Start of Dataset extract

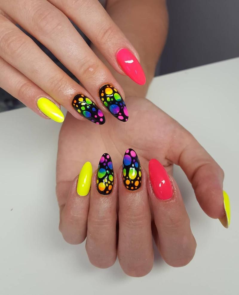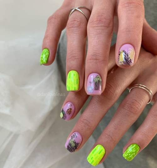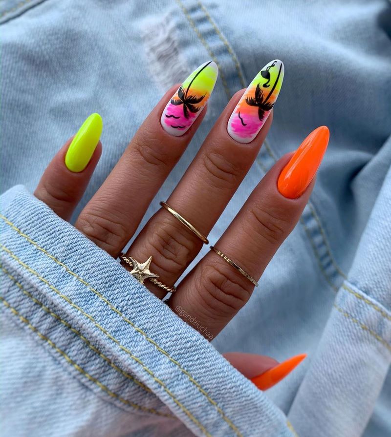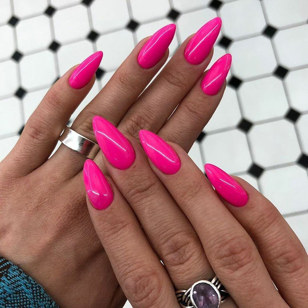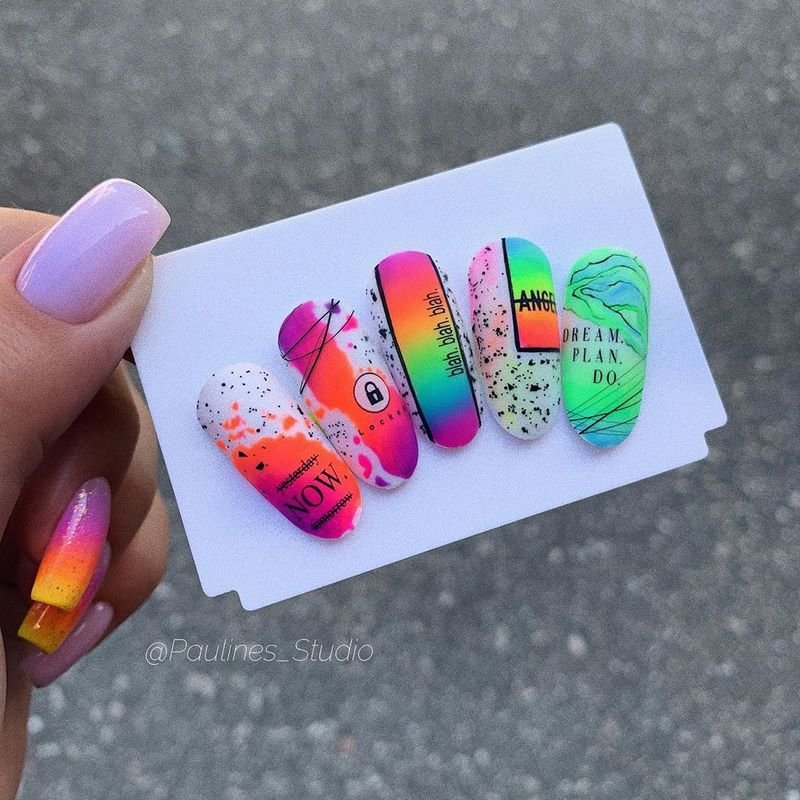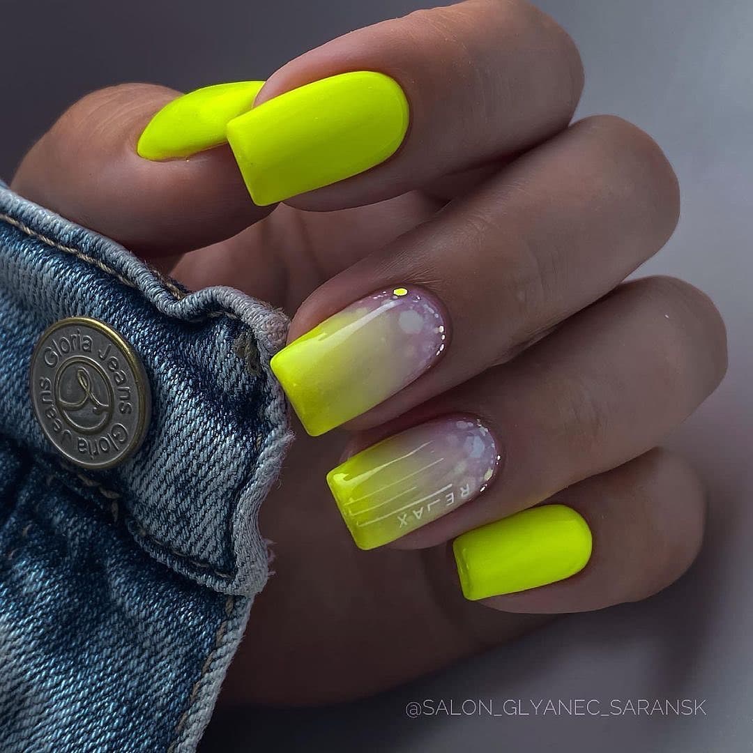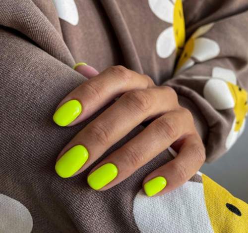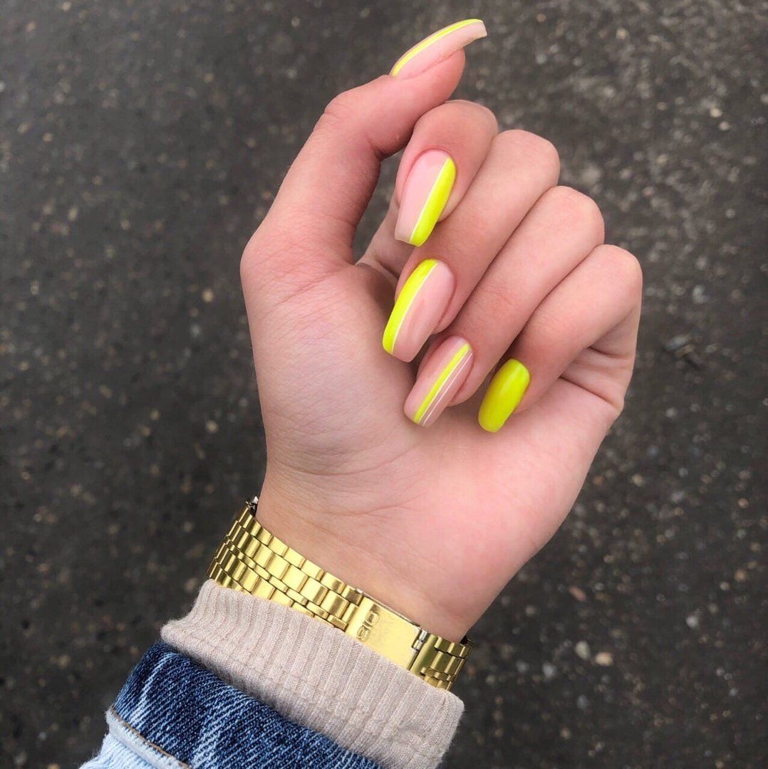 Наравне с яркими оттенками для ногтей в этом году популярен неоновый маникюр. Если хотите ярко и стильно, не нужно добавлять в дизайн лишних деталей. Кислотные оттенки и так достаточно красочные, интересные цвета для создания однотонного маникюра или ярких рисунков на нейтральных покрытиях. Выбор — ваш.
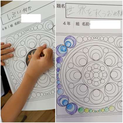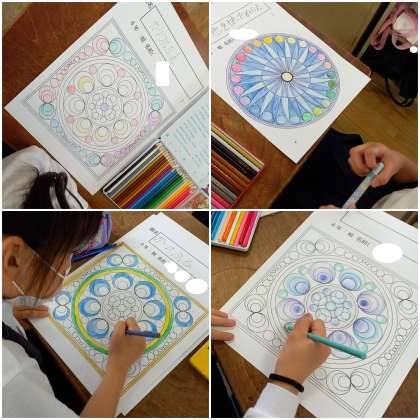 2種類の模様を、色鉛筆を使ってステキに変身させています。
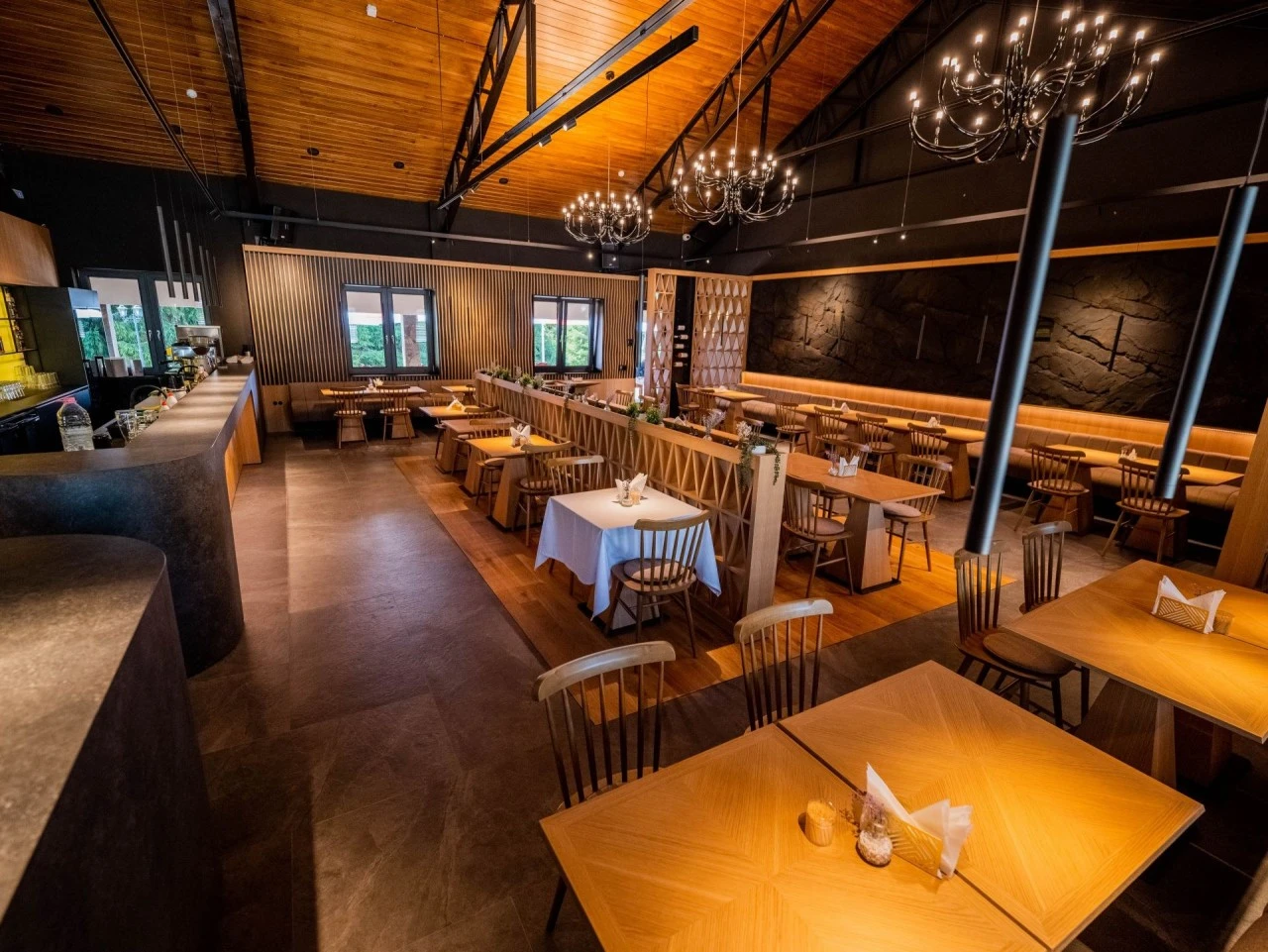 - Restaurantul hotelului combină tradițiile locale cu eleganța modernă, oferind o atmosferă perfectă pentru prânzuri în familie, cine romantice sau mese organizate pentru grupuri.
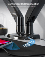 - Increased Stability & Convenience – The enlarged base and sturdy construction ensure huanuo dual monitor stand superb stable. Supports both clamp and bolt-through grommet mounting for desk thicknesses up to 3.54″. The hole for grommet mounting should be 0.39″ to 1.97″ in diameter; the built-in USB port provides an easy way to charge your USB devices.
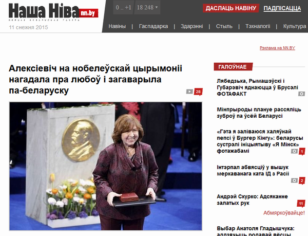 На сайце галоўнага нацыянальнага інфармагенцтва «БелТА» навіна пра ўзнагароджанне Святланы Алексіевіч апынулася ў самым нізе старонкі ў раздзеле “Культура”. Каб убачыць яе, чытачам трэба было зрабіць ажно 13 скролаў уніз.
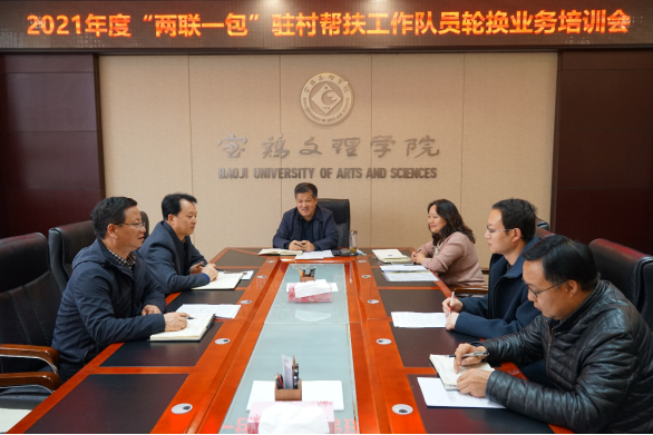 一是举办业务培训,提升驻村队员任职能力。3月9日,学校在高新校区图书馆806会议室召开了2021年度“两联一包”驻村帮扶工作队员轮换暨业务培训会,副校长王富平出席会议,会议由党政办公室主任(扶贫办公室主任)王永君主持。会上,与会人员学习了习近平总书记2月25日在全国脱贫攻坚总结表彰大会上的讲话,听取了学校2020年“两联一包”工作完成情况汇报,明确了驻村帮扶工作的主要职责。组织部和人事处负责人分别就加强驻村干部管理和落实驻村人员待遇进行了说明,2021年驻村帮扶干部李建鹏作了表态发言。
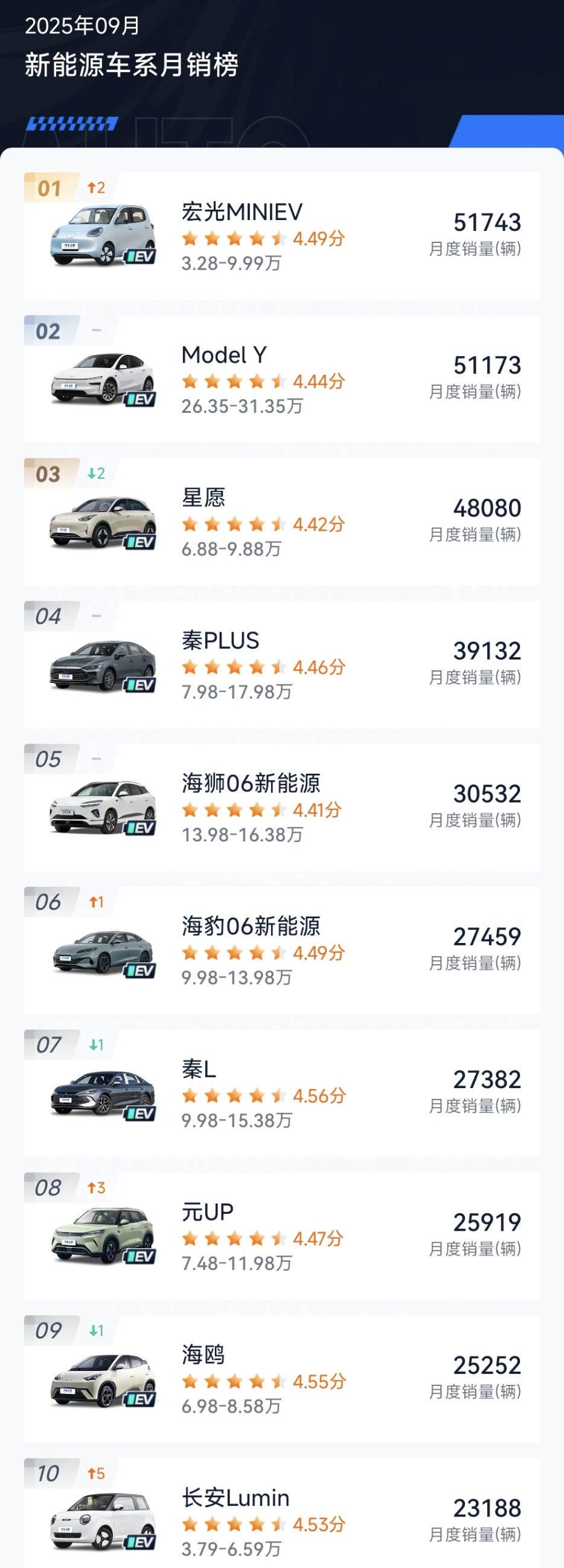 9月份销量明细公布,本以为Model Y依旧会是最大的黑马,没想到宏光MINI增速更惊人,8月份才卖3.78万辆,如今突破5.1万辆,成功逆袭Model Y。当然销量超越特斯拉,不意味着赚钱能力超过特斯拉,因为Model Y的均价是宏光MINI的6倍,也就是说按照宏光MINI均价计算,Model Y实际上卖了51173辆×6=30.7万辆,差距可想而知。
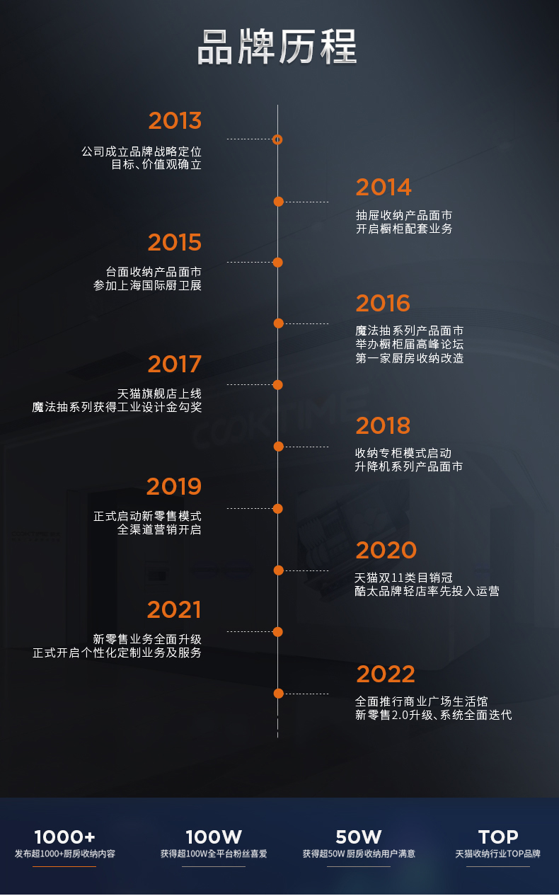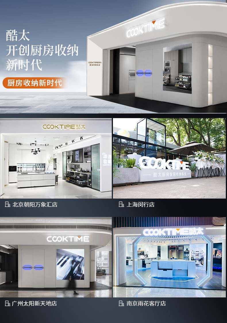 - 酷太坚持8年自主研发,已获得专利证书130项,拥有一套领先市场的厨房收纳系统,为千万中国家庭解决厨房脏乱差,缔造厨房新生活。
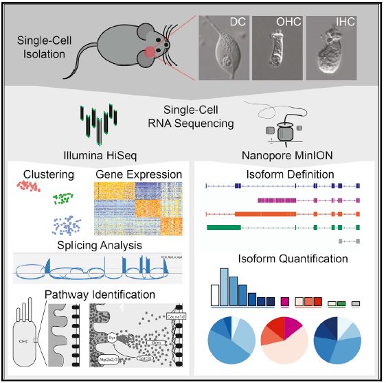 2、SmartSeq2單細(xì)胞擴(kuò)增,IHC?(n?=?42),?OHC?(n?=?127),?and?DC?(n?=?39)進(jìn)行二代Illumina平臺轉(zhuǎn)錄組測序;12個(gè)p15小鼠OHCs進(jìn)行ONT全長轉(zhuǎn)錄組測序。
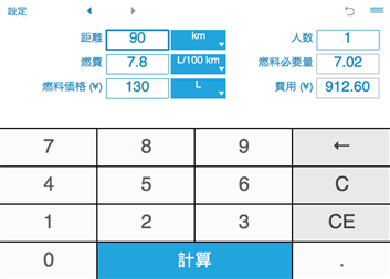 計算機では、燃料の量と旅費を計算することができます。 電卓では、燃料費と旅費(燃料費)を計算することができます。
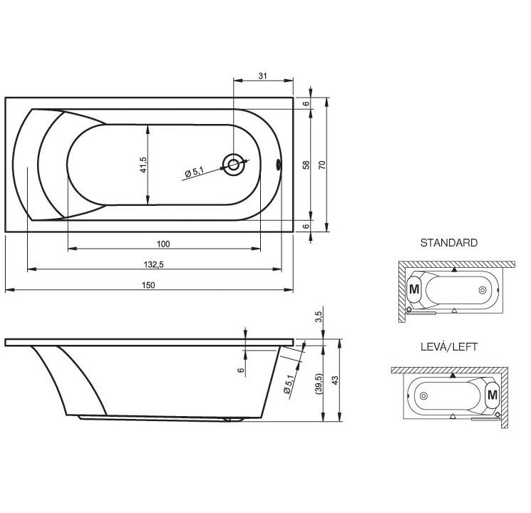 - опційно: душова штора, освітлення, масажні системи Hit, Top, Pro
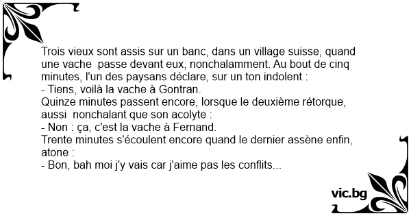 Trois vieux sont assis sur un banc, dans un village suisse, quand une vache passe devant eux, nonchalamment. Au bout de cinq minutes, l'un des paysans déclare, sur un ton indolent :
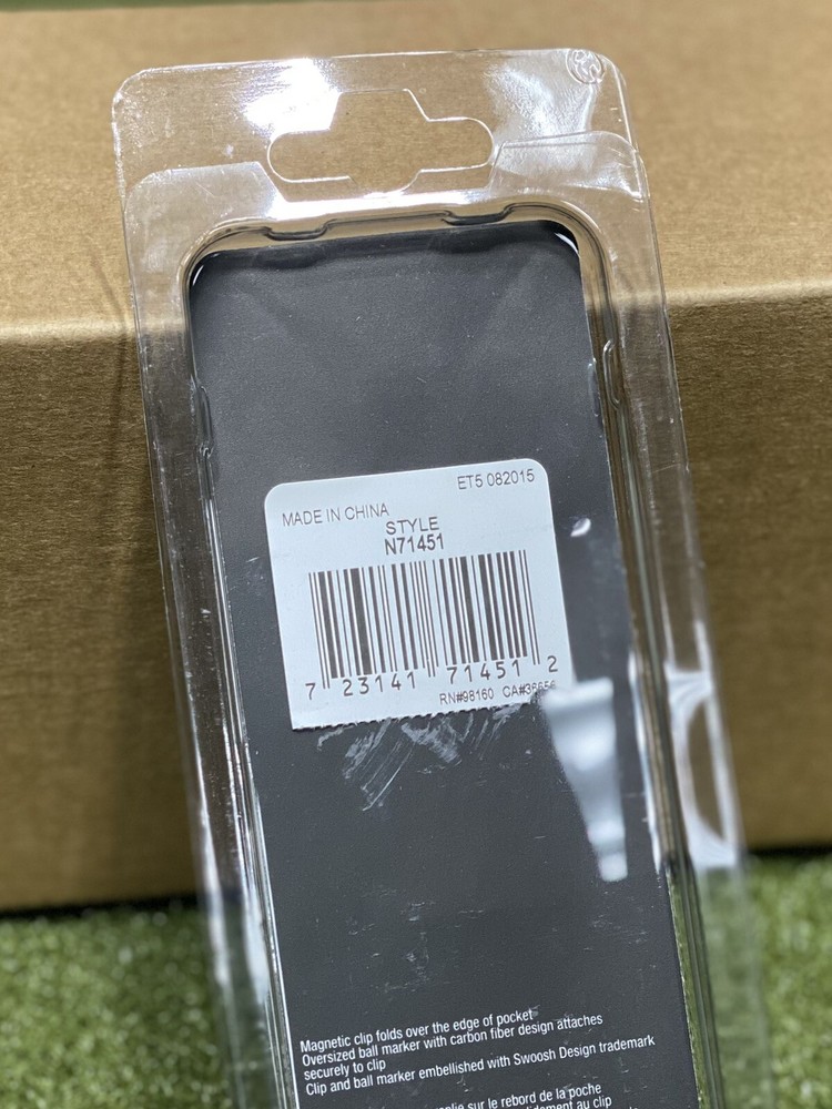 We are a reputable golf company that has been in business in St. Louis, Missouri since 1975. We have been doing this for 40 years because we do things right the first time. WE HAVE THE FASTEST SHIPPING ON EBAY! Don't believe us? Check out our Feedback. If you have questions, please feel free to ask. As always, thank you for looking. NEW! Nike Money Clip & Magnetic Ball Marker Set COLOR: Black CONDITION: Brand New in Factory Plastic! (10/10) Magnetic clip folds over the edge of pocket . 27mm ball marker with carbon fiber design attaches securely to clip . Clip and ball marker embellished with Swoosh Design trademark. Logo cresting compatible.

End of Dataset extract

Each record above must be returned exactly as written, with its pictures omitted.

> **Answer section**:
 Наравне с яркими оттенками для ногтей в этом году популярен неоновый маникюр. Если хотите ярко и стильно, не нужно добавлять в дизайн лишних деталей. Кислотные оттенки и так достаточно красочные, интересные цвета для создания однотонного маникюра или ярких рисунков на нейтральных покрытиях. Выбор — ваш.
 2種類の模様を、色鉛筆を使ってステキに変身させています。
 - Restaurantul hotelului combină tradițiile locale cu eleganța modernă, oferind o atmosferă perfectă pentru prânzuri în familie, cine romantice sau mese organizate pentru grupuri.
 - Increased Stability & Convenience – The enlarged base and sturdy construction ensure huanuo dual monitor stand superb stable. Supports both clamp and bolt-through grommet mounting for desk thicknesses up to 3.54″. The hole for grommet mounting should be 0.39″ to 1.97″ in diameter; the built-in USB port provides an easy way to charge your USB devices.
 На сайце галоўнага нацыянальнага інфармагенцтва «БелТА» навіна пра ўзнагароджанне Святланы Алексіевіч апынулася ў самым нізе старонкі ў раздзеле “Культура”. Каб убачыць яе, чытачам трэба было зрабіць ажно 13 скролаў уніз.
 一是举办业务培训,提升驻村队员任职能力。3月9日,学校在高新校区图书馆806会议室召开了2021年度“两联一包”驻村帮扶工作队员轮换暨业务培训会,副校长王富平出席会议,会议由党政办公室主任(扶贫办公室主任)王永君主持。会上,与会人员学习了习近平总书记2月25日在全国脱贫攻坚总结表彰大会上的讲话,听取了学校2020年“两联一包”工作完成情况汇报,明确了驻村帮扶工作的主要职责。组织部和人事处负责人分别就加强驻村干部管理和落实驻村人员待遇进行了说明,2021年驻村帮扶干部李建鹏作了表态发言。
 9月份销量明细公布,本以为Model Y依旧会是最大的黑马,没想到宏光MINI增速更惊人,8月份才卖3.78万辆,如今突破5.1万辆,成功逆袭Model Y。当然销量超越特斯拉,不意味着赚钱能力超过特斯拉,因为Model Y的均价是宏光MINI的6倍,也就是说按照宏光MINI均价计算,Model Y实际上卖了51173辆×6=30.7万辆,差距可想而知。
 - 酷太坚持8年自主研发,已获得专利证书130项,拥有一套领先市场的厨房收纳系统,为千万中国家庭解决厨房脏乱差,缔造厨房新生活。
 2、SmartSeq2單細(xì)胞擴(kuò)增,IHC?(n?=?42),?OHC?(n?=?127),?and?DC?(n?=?39)進(jìn)行二代Illumina平臺轉(zhuǎn)錄組測序;12個(gè)p15小鼠OHCs進(jìn)行ONT全長轉(zhuǎn)錄組測序。
 計算機では、燃料の量と旅費を計算することができます。 電卓では、燃料費と旅費(燃料費)を計算することができます。
 - опційно: душова штора, освітлення, масажні системи Hit, Top, Pro
 Trois vieux sont assis sur un banc, dans un village suisse, quand une vache passe devant eux, nonchalamment. Au bout de cinq minutes, l'un des paysans déclare, sur un ton indolent :
 We are a reputable golf company that has been in business in St. Louis, Missouri since 1975. We have been doing this for 40 years because we do things right the first time. WE HAVE THE FASTEST SHIPPING ON EBAY! Don't believe us? Check out our Feedback. If you have questions, please feel free to ask. As always, thank you for looking. NEW! Nike Money Clip & Magnetic Ball Marker Set COLOR: Black CONDITION: Brand New in Factory Plastic! (10/10) Magnetic clip folds over the edge of pocket . 27mm ball marker with carbon fiber design attaches securely to clip . Clip and ball marker embellished with Swoosh Design trademark. Logo cresting compatible.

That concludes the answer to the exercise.